Spang is an historian specializing in the French Revolution and wrote that the impending state bankruptcy pushed France into crisis in the late 1780s. "In terms of 'economic fundamentals,' prerevolutionary France was in good shape: It had Europe’s biggest population, thriving agricultural and manufacturing sectors, and an effective tax rate well below that of Great Britain. Nonetheless, decades of conflict over the size and purpose of its central government meant that disputes over budget deficits and national debt dominated French public debate. For years, the monarchy had endeavored to tax the super-wealthy; in response, many aristocrats, traditionally exempt from paying the head tax levied on commoners, decried those efforts as tyranny. Claiming to speak for France as a whole, members of a tiny and extremely privileged elite stymied all plans to tax their wealth-- and did so in a way that rallied public opinion to their cause. Who else would defend the rights of the French nation against the encroachments and greed of expanding Big Government? Norman noblemen and Paris magistrates were, we could say, the Koch Brothers of their day: bent on conserving their own position by fueling grassroots populism. Their successful depiction of the monarchy’s budget crisis as a result of its own opulence-- even today, don’t we imagine that France’s money was spent on Marie Antoinette’s dresses and cakes?-- made state finances into a moral, rather than political, issue. Like so many in the United States today, these critics of the centralizing monarchy couched political arguments in what looked like financial or budgetary terms. None of these self-interested aristocrats intended to start a revolution. But by blocking needed tax reform, they provoked a political showdown that eventually turned the summer of 1789 into a social, cultural, and economic crisis of unparalleled proportions."

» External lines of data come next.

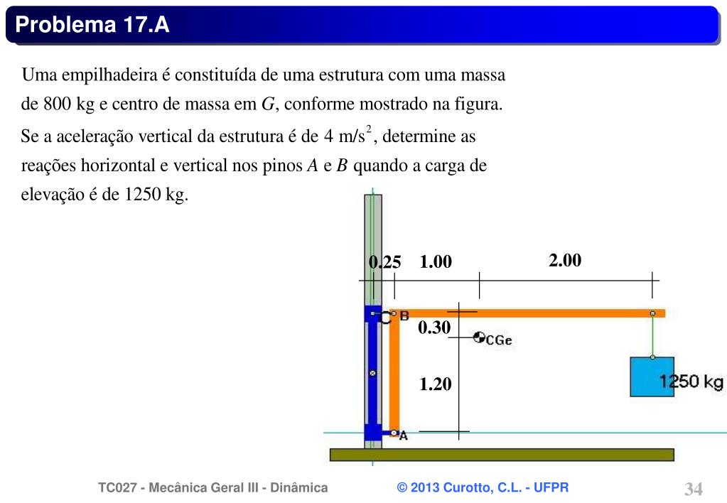 Problema 17.A - Solução Diagrama de Corpo Livre a=4 m/s2 g=9.81 m/s2 2.00 1.00 0.25 BX 0.30 CG xCG 1.20 PC AX PE AY
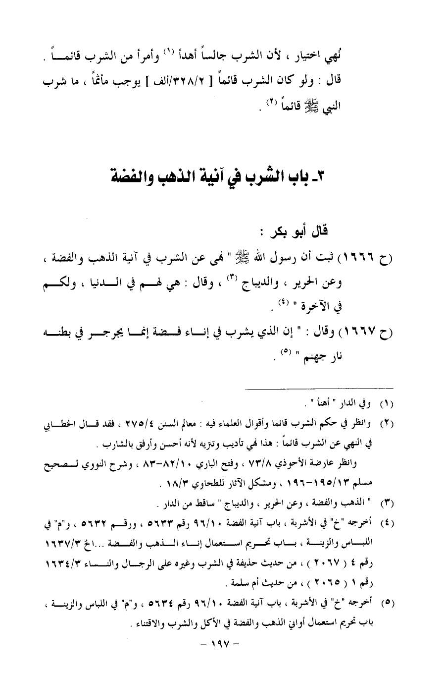 (ح 1667) وقال: "إن الذي يشرب في إناء فضة إنما يجرجر في بطنه نار جهنم".
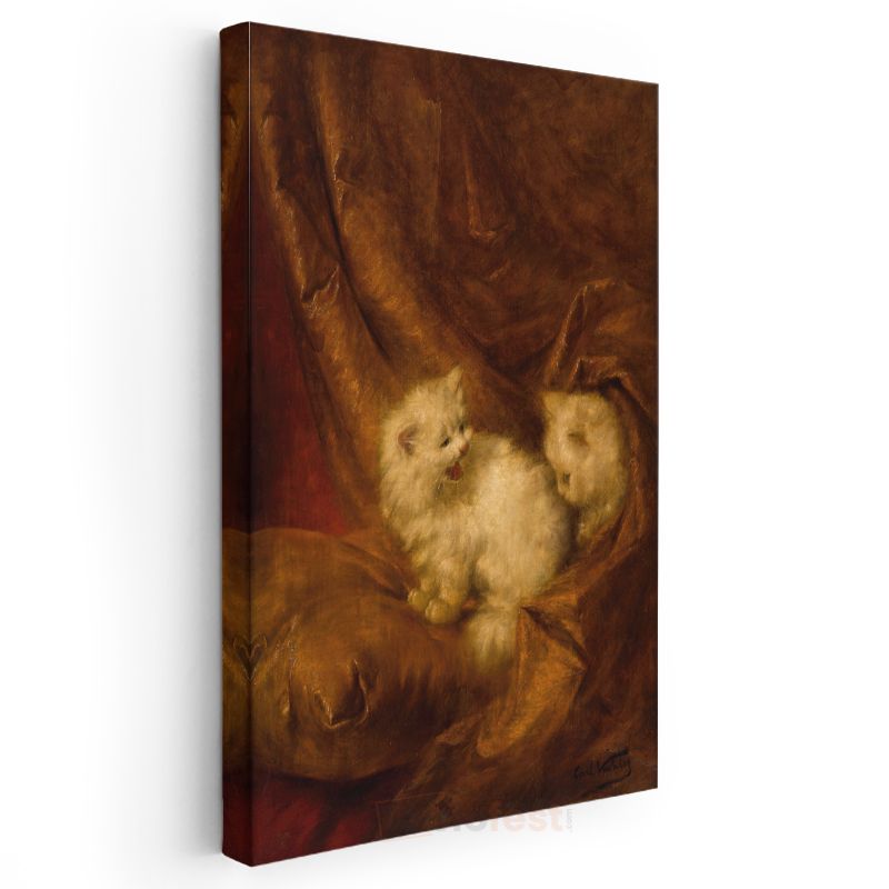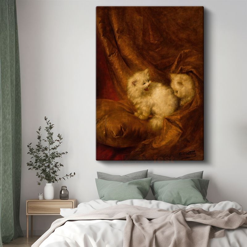 Carl Kahler - Kahverengi Kumaştaki Kediler Kanvas Tablo

Spang has noticed that of late, Republicans have been "turning formerly routine administrative actions into opportunities to seek partisan favor. (The GOP effort to avoid certifying the outcome of the presidential election is another such example.) These developments are threatening not just democracy but the procedural guardrails meant to protect it. Virtually everyone, including the millions who have tuned out the debt-ceiling issue as 'just politics,' assumes disaster will be averted in the end. This assumption in fact increases the danger. A crisis is only under control until it isn’t, and Americans should all be wary of political actors who believe that averting the worst is somebody else’s job... That the United States today faces no economic or financial impediments to further borrowing, only politico-legal ones, may come as some relief, but it also speaks to the country’s growing capacity for self-inflicted economic trauma. Its reputation has already been badly tarnished by erratic foreign policy, the lack of a national response to the coronavirus pandemic, and ongoing civil-rights crises too numerous to list. Missing payments in early December, even if measures were found to make them up later, would prompt a further downgrade of U.S. credibility. Restoring it would not be easy. Unfortunately, the attraction of political posturing and line-drawing is again as great as it was in 1789-- or, thanks to the vastly expanded media ecosystem and attention economy, possibly even greater."

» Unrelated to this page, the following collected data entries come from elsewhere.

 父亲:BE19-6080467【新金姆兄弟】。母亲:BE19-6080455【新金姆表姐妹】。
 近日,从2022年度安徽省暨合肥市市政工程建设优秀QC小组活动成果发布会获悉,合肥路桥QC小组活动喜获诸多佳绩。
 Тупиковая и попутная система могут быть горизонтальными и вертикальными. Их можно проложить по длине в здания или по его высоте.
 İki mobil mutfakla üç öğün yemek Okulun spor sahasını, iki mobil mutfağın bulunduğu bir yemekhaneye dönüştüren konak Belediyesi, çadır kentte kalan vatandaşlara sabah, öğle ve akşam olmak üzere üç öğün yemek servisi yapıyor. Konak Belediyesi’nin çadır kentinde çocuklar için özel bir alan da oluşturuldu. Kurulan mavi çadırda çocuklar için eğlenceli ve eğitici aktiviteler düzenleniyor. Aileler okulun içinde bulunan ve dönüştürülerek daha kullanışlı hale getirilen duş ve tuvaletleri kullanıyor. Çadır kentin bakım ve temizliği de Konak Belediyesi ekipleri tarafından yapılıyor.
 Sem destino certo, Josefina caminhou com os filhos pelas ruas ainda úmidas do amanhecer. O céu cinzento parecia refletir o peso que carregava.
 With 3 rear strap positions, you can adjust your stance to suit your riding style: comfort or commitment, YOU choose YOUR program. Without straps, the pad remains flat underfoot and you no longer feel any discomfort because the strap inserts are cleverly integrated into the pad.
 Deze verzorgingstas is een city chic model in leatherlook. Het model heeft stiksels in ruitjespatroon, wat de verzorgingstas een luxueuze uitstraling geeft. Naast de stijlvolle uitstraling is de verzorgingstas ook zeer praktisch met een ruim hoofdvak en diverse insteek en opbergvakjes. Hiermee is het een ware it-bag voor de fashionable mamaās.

"...getting worse-- a hollowed-out middle class, money overwhelming politics, and even the Democrats unable to do anything about any of this." -- Saperstein
they aren't "unable". They refuse. There's a YOOOOGE difference.
If I could have moved I would have 30 years ago. You see, I saw this coming as far back as 1984 (when we RE-elected reagan).
That we're now toast is not surprising at all. The only surprise is it will have taken 44 years from the time reagan was first elected.